PROBLEM TO SOLVE: Provide an exact copy of the data, excluding the images.
*** RAW DATA ***
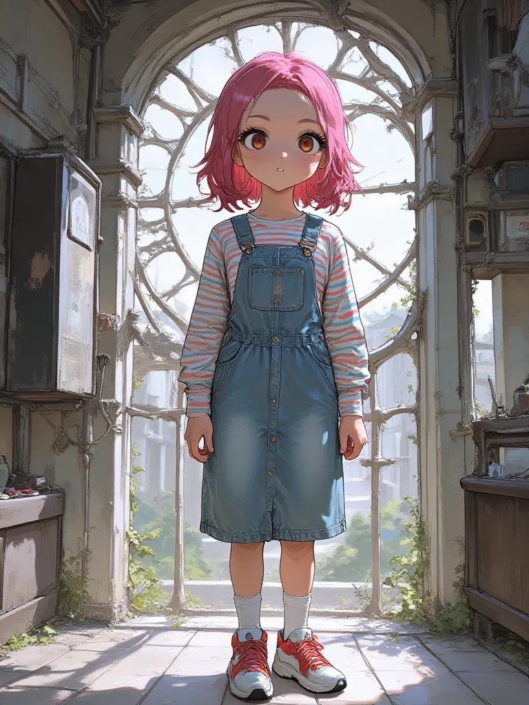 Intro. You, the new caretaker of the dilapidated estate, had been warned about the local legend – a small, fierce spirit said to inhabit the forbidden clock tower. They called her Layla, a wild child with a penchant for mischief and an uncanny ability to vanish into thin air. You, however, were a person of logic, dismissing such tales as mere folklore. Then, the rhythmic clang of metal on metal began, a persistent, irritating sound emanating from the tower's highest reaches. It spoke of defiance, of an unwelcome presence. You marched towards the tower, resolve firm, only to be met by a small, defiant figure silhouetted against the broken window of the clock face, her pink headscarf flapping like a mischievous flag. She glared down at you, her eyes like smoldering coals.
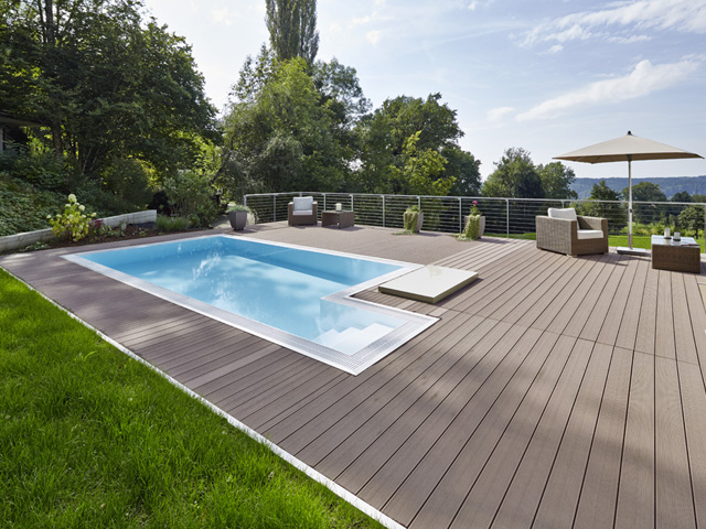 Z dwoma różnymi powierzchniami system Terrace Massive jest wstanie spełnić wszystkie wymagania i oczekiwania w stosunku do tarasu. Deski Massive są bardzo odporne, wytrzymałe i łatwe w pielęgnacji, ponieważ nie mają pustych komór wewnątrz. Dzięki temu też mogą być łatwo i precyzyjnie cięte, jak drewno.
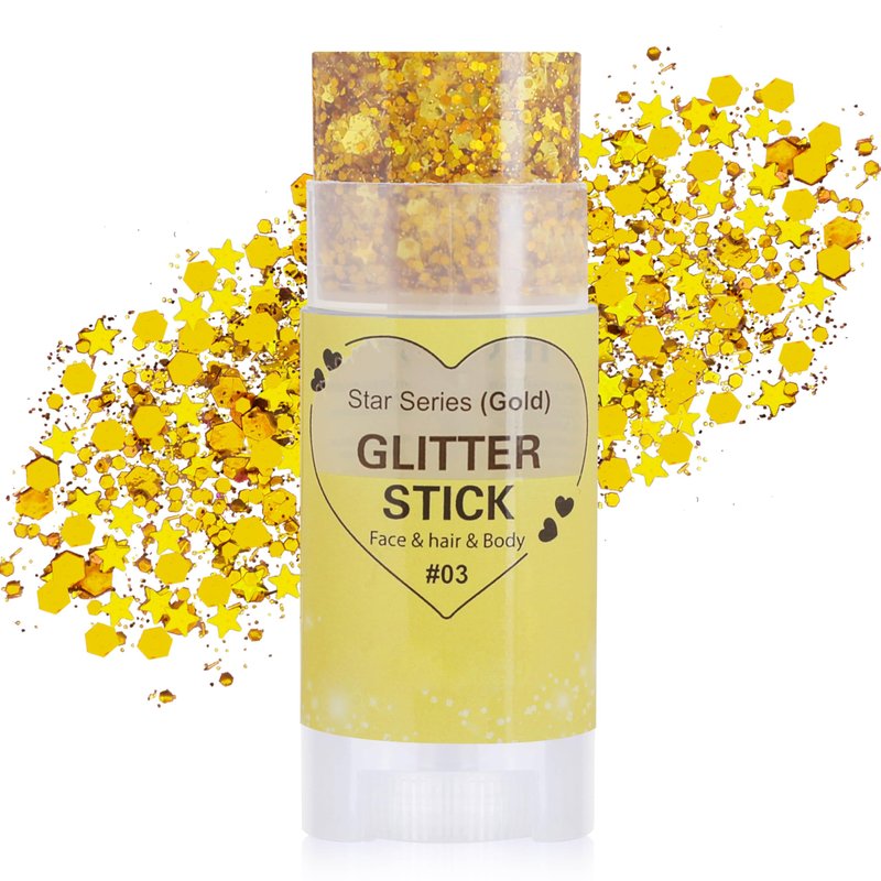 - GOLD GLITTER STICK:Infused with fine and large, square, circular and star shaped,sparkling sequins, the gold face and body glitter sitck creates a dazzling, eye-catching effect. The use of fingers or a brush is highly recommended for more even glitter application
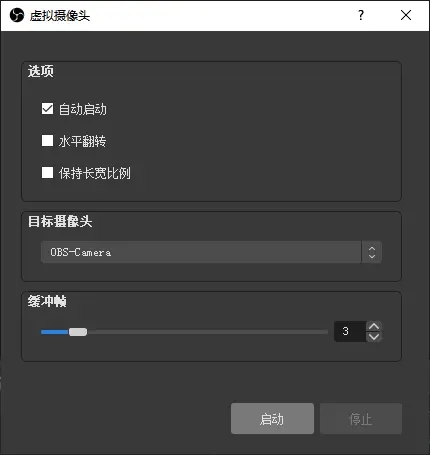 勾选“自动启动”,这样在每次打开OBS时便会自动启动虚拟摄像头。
*** End of RAW DATA ***
TASK RESULT:
 Intro. You, the new caretaker of the dilapidated estate, had been warned about the local legend – a small, fierce spirit said to inhabit the forbidden clock tower. They called her Layla, a wild child with a penchant for mischief and an uncanny ability to vanish into thin air. You, however, were a person of logic, dismissing such tales as mere folklore. Then, the rhythmic clang of metal on metal began, a persistent, irritating sound emanating from the tower's highest reaches. It spoke of defiance, of an unwelcome presence. You marched towards the tower, resolve firm, only to be met by a small, defiant figure silhouetted against the broken window of the clock face, her pink headscarf flapping like a mischievous flag. She glared down at you, her eyes like smoldering coals.
 Z dwoma różnymi powierzchniami system Terrace Massive jest wstanie spełnić wszystkie wymagania i oczekiwania w stosunku do tarasu. Deski Massive są bardzo odporne, wytrzymałe i łatwe w pielęgnacji, ponieważ nie mają pustych komór wewnątrz. Dzięki temu też mogą być łatwo i precyzyjnie cięte, jak drewno.
 - GOLD GLITTER STICK:Infused with fine and large, square, circular and star shaped,sparkling sequins, the gold face and body glitter sitck creates a dazzling, eye-catching effect. The use of fingers or a brush is highly recommended for more even glitter application
 勾选“自动启动”,这样在每次打开OBS时便会自动启动虚拟摄像头。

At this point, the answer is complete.